Right, people on a quarterly branch with old libdrm won't have the new beignet
with OCL2, people on head will get both new libdrm and new beignet, and anyone
who cares about something like OpenCL is not on quarterly.

>Removing OPENCL20 option makes 1.2 vs. 2.0 troubleshooting harder. Neither beignet port exposes debugging support (vendor optimization gets in the way) nor ports framework provides packages with debugging symbols to help distinguish crash fingerprints from already reported.

Wouldn't two variants, one with 2.0 support and one without, make that exact
issue worse than having a single build would? I must be missing something, it
was my impression that the single build was desirable.

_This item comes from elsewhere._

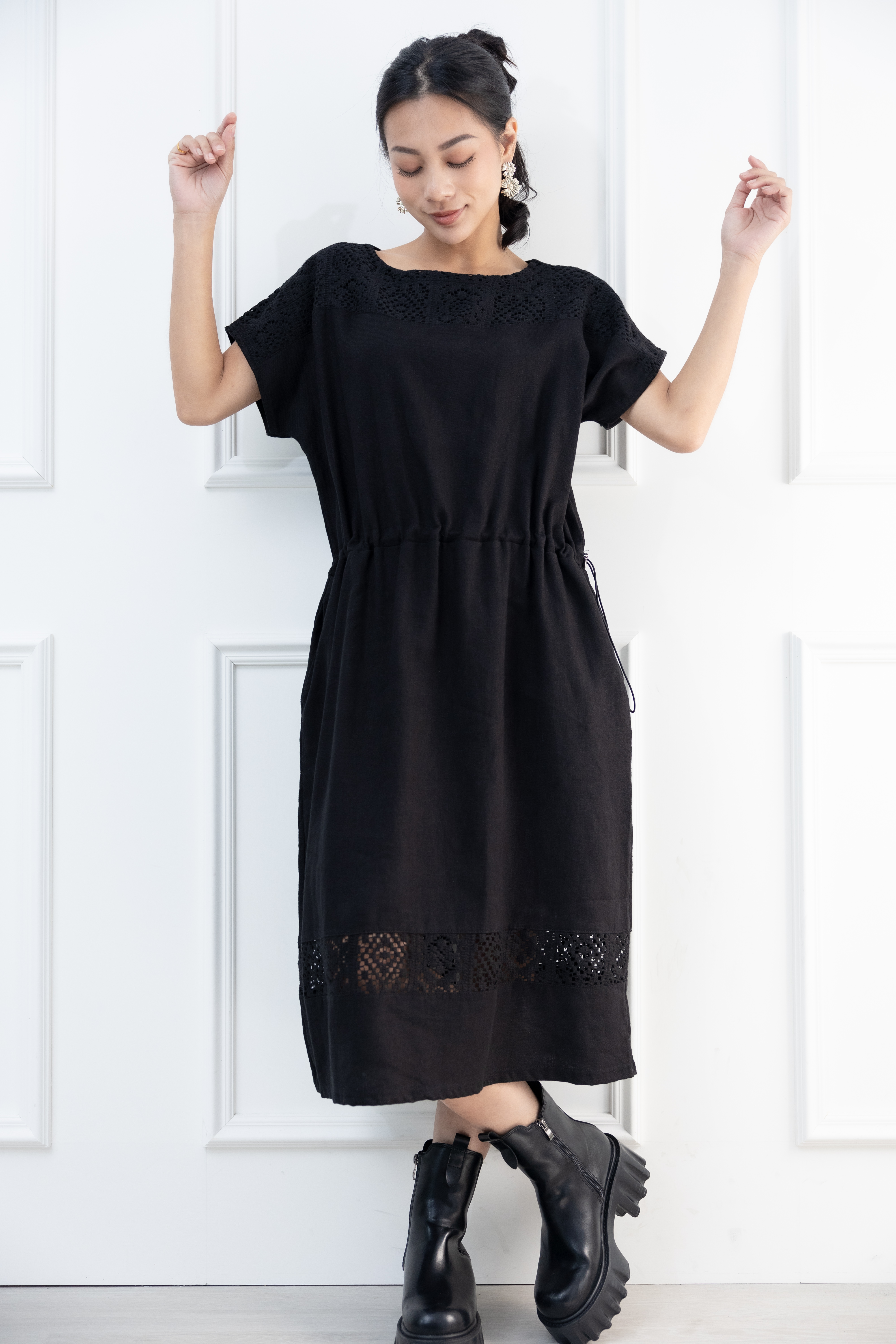 원피스 拼接裸空蕾絲洋裝 / 黑色

>Not necessarily. GCC switched from C89 to C11 since 5.0 and from C++98 to C++14 since 6.0. Clang switched from C99 to C11 in 3.6 but as of 4.0 is still stuck with C++98.

Ah, good to know, I had not been keeping up on the changes in GCC, and still
bumping into the old default since the default ports gcc is still 4.9

>memalign and aligned_alloc don't have such a restriction. Upstream already uses posix_memalign in other places, so I'm giving up. When pushing files/ upstream some __FreeBSD__ checks would need to be dropped to avoid churn for other BSDs.

I did not mean to cause contention. Using posix_memalign looked to be the more
portable solution is all, and if that is not the case I do welcome to be
corrected as that entails an expansion of knowledge. It sounds like you had a
reason I didn't fully grasp.

>Firefox and Chromium on X11 platforms preserve tabs just fine both via clipboard or primary selection.

This falls into the category of things that didn't work reliably and thus are
no longer tried. Perhaps it depends on the site from which it's copied, some
sites might be converting tabs to spaces before it gets to the browser. 

>> I had previously been advised to use makepatch when adding and changing
>> patches. Is there a more strict set of criteria for when it is appropriate than
>> I am aware of?

>"make makepatch" (like "make makeplist") output isn't supposed to be used as is. It can accidentally merge separate patch files, incorporate sed(1) usage, etc. Porter's Handbook describes noise mainly in relation to "non-functional whitespace changes", so I maybe wrong.

I am aware the output needs to be checked and quite used to doing the dance
with makepatch wherein I copy back all those that were touched in post-patch.
Of course I'm not perfect, I have accidentally committed sed cruft after
regenerating a set of patches so many times I blinded myself to that part. I
have briefly mulled over the idea of another target for this purpose, e.g. make
cleanpatch.

I assume the reason to regularly regenerate patches is to ease fixing hunks
that don't automatically apply after a port update. If the line numbers have
been drifting for a long time and the context is insufficient, it can be
difficult to be sure where to apply that hunk.

>> What is inconsistent about the sorting?
>> lib/beignet/b* < lib/beignet/l*

>See where lib/beignet/beignet.pch is already placed, move *_20.* files there as well.

>lib/beignet/b* < lib/beignet/i* < lib/beignet/l*

Doh! I should have noticed that from your diff. I must have been thinking of
directory first sorting or mentally rewriting lib/beignet/include/ to
include/beignet/ (as it probably should be) when I inserted those.